**Available data**
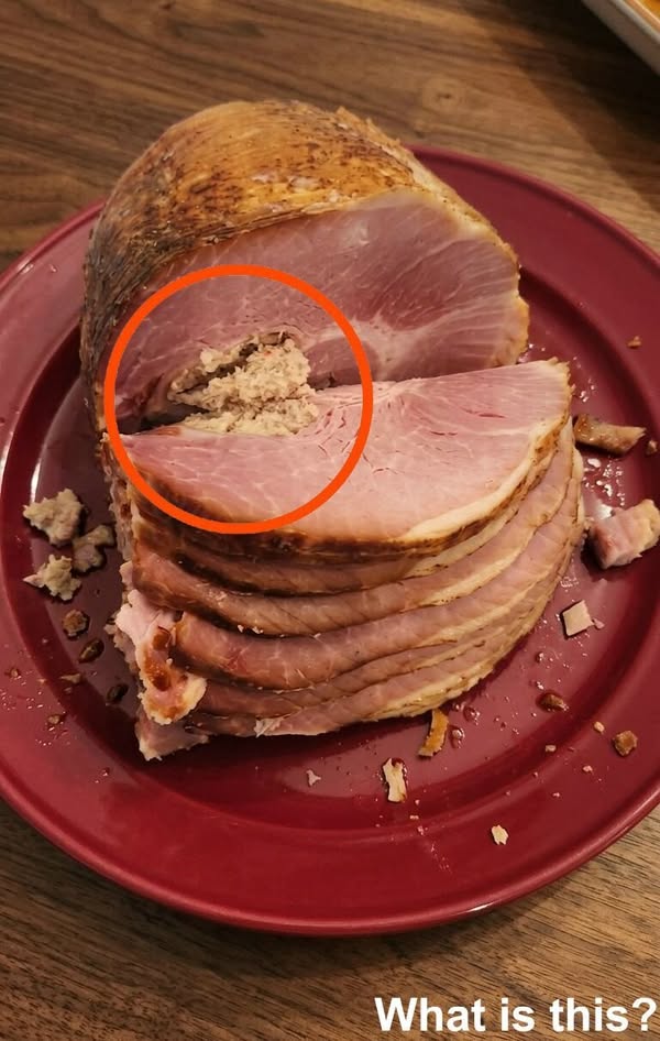 Right there, in the center of the ham, was something unusual. It didn’t match the rest of the meat at all. Instead of the smooth, consistent texture I had been slicing through, this was a compact, grainy mass — almost like a small cluster embedded within. Its appearance was different enough to immediately raise questions.
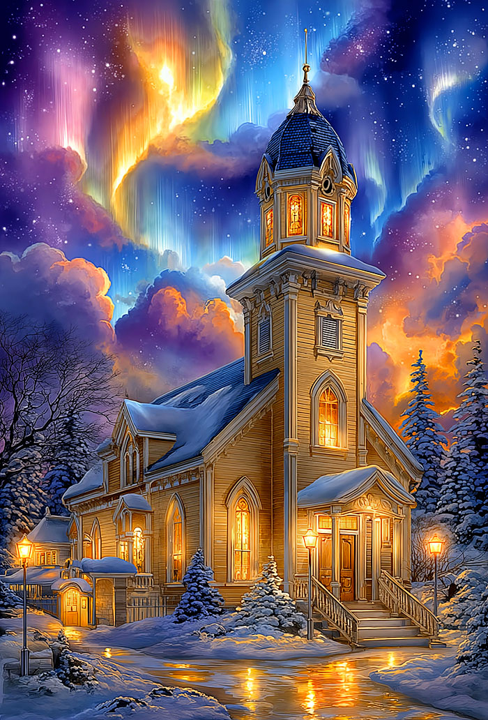 A wintry scene unfolds across this picturesque panel as a small church acts as a bastion of light and warmth in the middle of a cold and snowy forest as the northern lights illuminate the sky above in bright and dazzling colors. Digitally printed, 29" panel, 'Winter Church Aurora' by the Rubin Design Studio, designed exclusively for eQuilter.
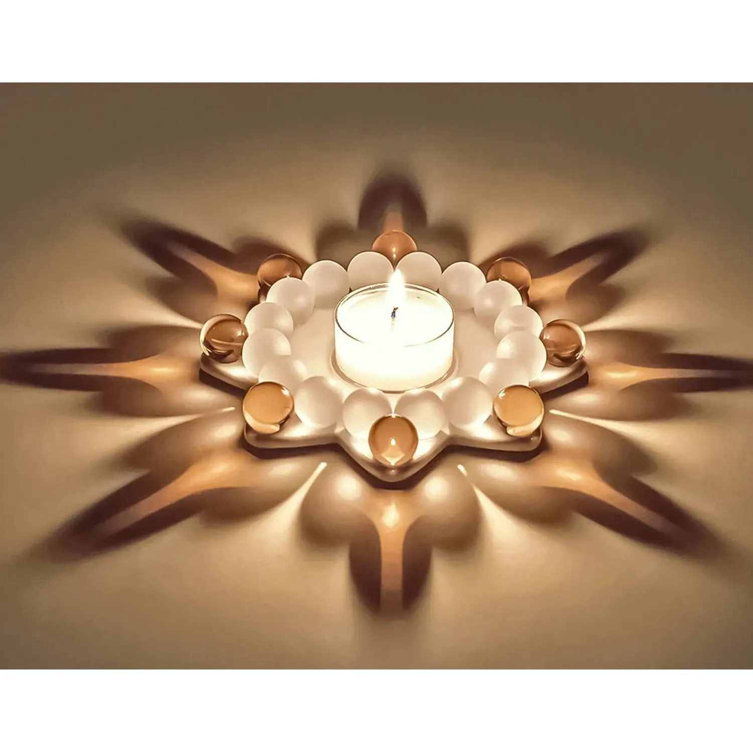 Wird ein Teelicht entzündet, entfaltet der Stern seine wahre Magie: Die transparenten und matten Perlen brechen das Licht auf zauberhafte Weise und tauchen die Umgebung in ein warmes Spiel aus Farbe, Glanz und Schatten. So entsteht eine stimmungsvolle Atmosphäre, die Geborgenheit und Weihnachtsfreude ausstrahlt.
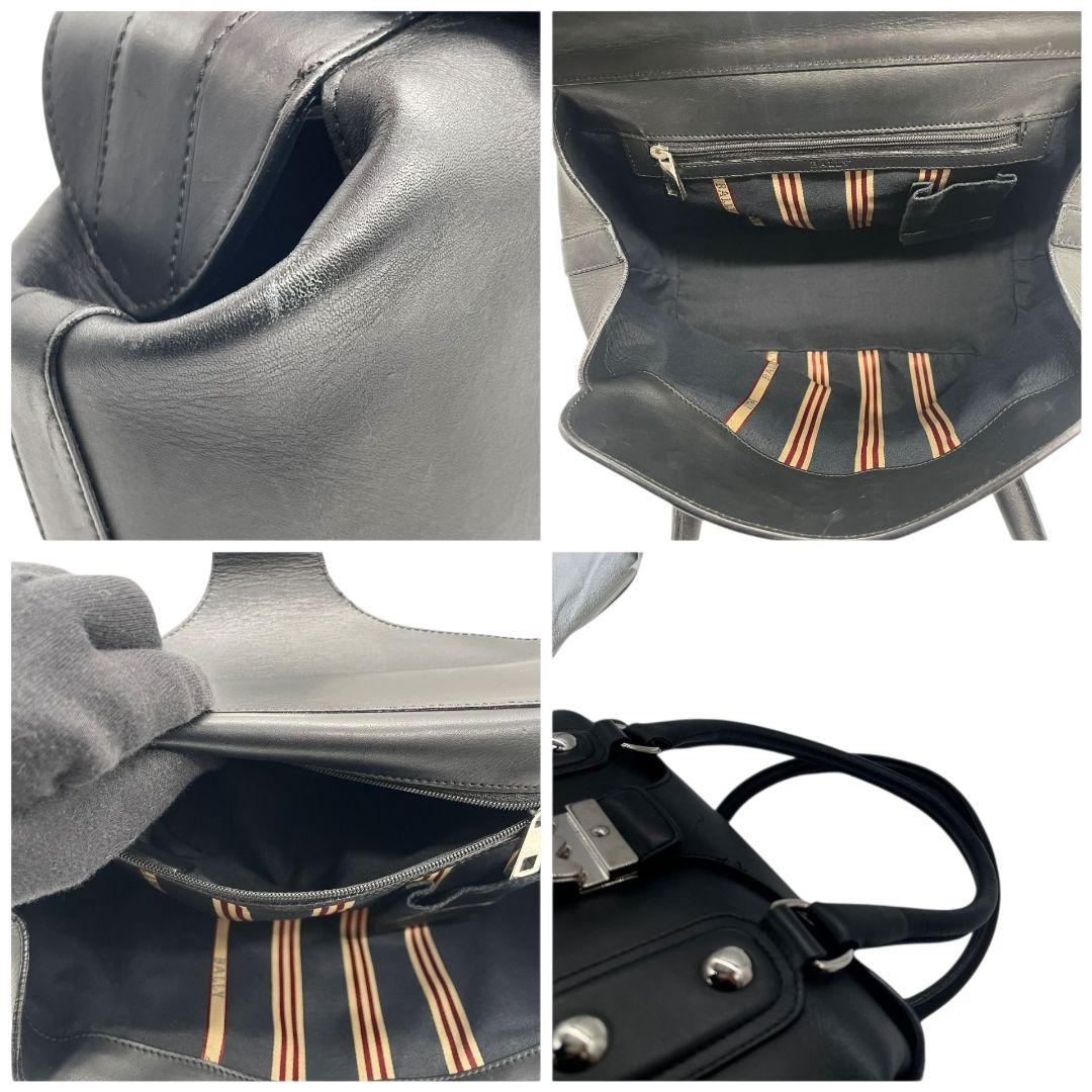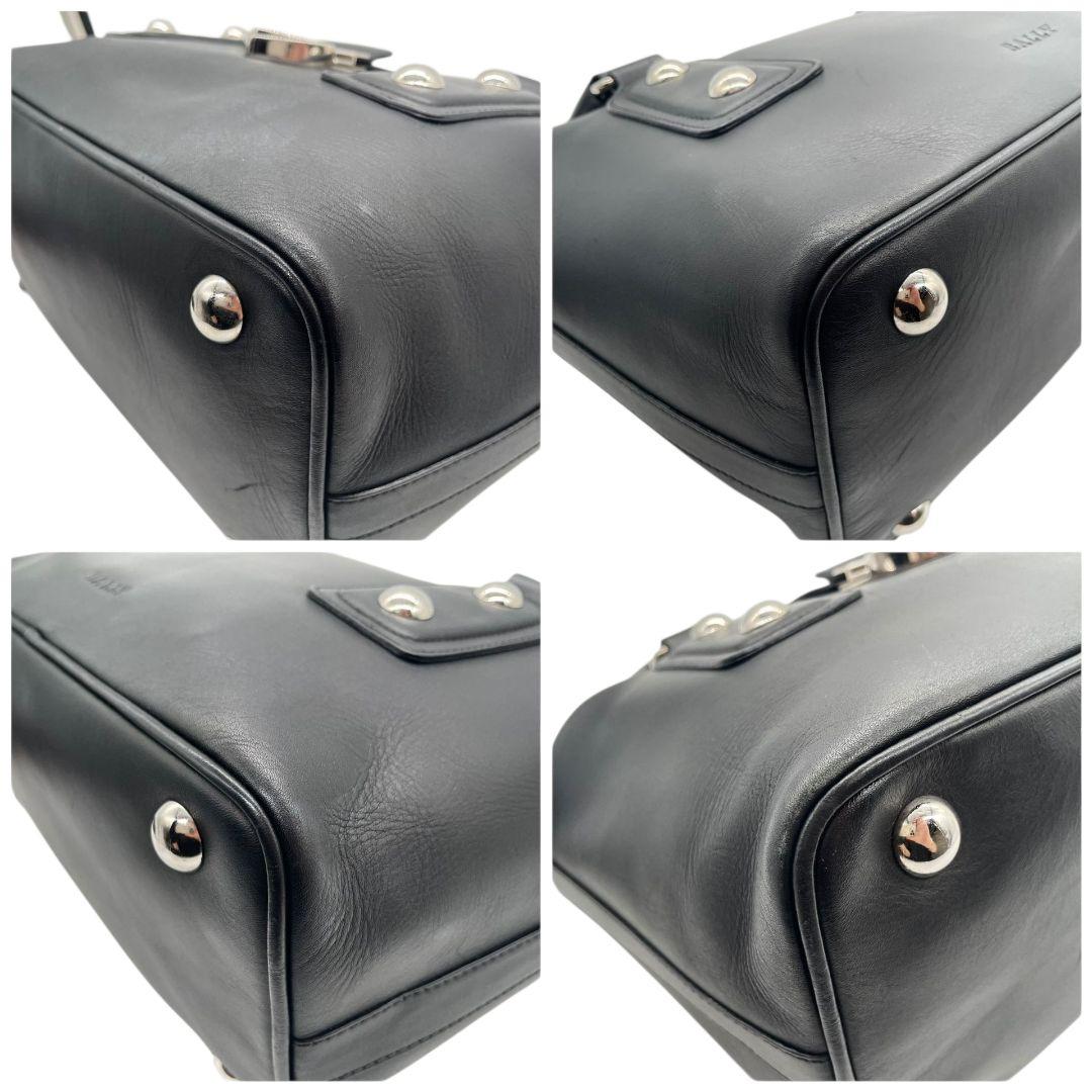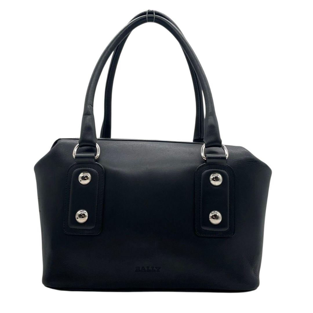 バリー ハンドバッグ 黒 レザー 本革 ワンショルダー トートバッグ ターンロック シルバー金具 スタッズ 肩掛け可 肩かけ可 ブラック BALLY u12 上品 高級感

**Required action**
Output the lines of the data exactly, starting at the first and ending with the line that has "A wintry scene". Pictures are not part of it.

**Answer for the task**
 Right there, in the center of the ham, was something unusual. It didn’t match the rest of the meat at all. Instead of the smooth, consistent texture I had been slicing through, this was a compact, grainy mass — almost like a small cluster embedded within. Its appearance was different enough to immediately raise questions.
 A wintry scene unfolds across this picturesque panel as a small church acts as a bastion of light and warmth in the middle of a cold and snowy forest as the northern lights illuminate the sky above in bright and dazzling colors. Digitally printed, 29" panel, 'Winter Church Aurora' by the Rubin Design Studio, designed exclusively for eQuilter.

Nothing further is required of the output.